• **Provided information**

==================================================

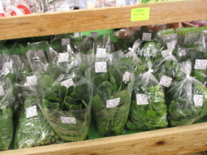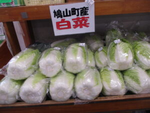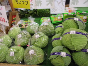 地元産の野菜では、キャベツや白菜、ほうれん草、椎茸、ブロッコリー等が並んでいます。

==================================================

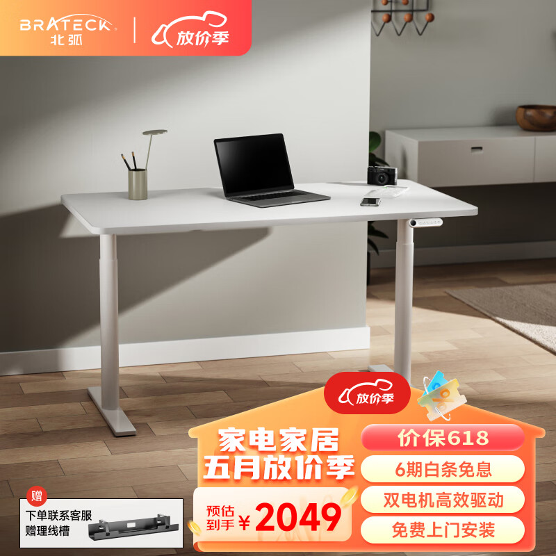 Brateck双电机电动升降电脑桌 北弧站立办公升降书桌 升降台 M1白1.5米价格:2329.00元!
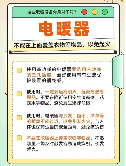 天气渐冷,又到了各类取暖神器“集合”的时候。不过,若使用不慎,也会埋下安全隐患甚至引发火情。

==================================================

• **Exercise directions**
Give back the exact lines above, running from the one that has "Brateck双电机电动升降电脑桌 北弧站立办公升降书桌 升降台" through the one that has "天气渐冷,又到了各类取暖神器", with nothing added and no pictures.

• **Task solution**
 Brateck双电机电动升降电脑桌 北弧站立办公升降书桌 升降台 M1白1.5米价格:2329.00元!
 天气渐冷,又到了各类取暖神器“集合”的时候。不过,若使用不慎,也会埋下安全隐患甚至引发火情。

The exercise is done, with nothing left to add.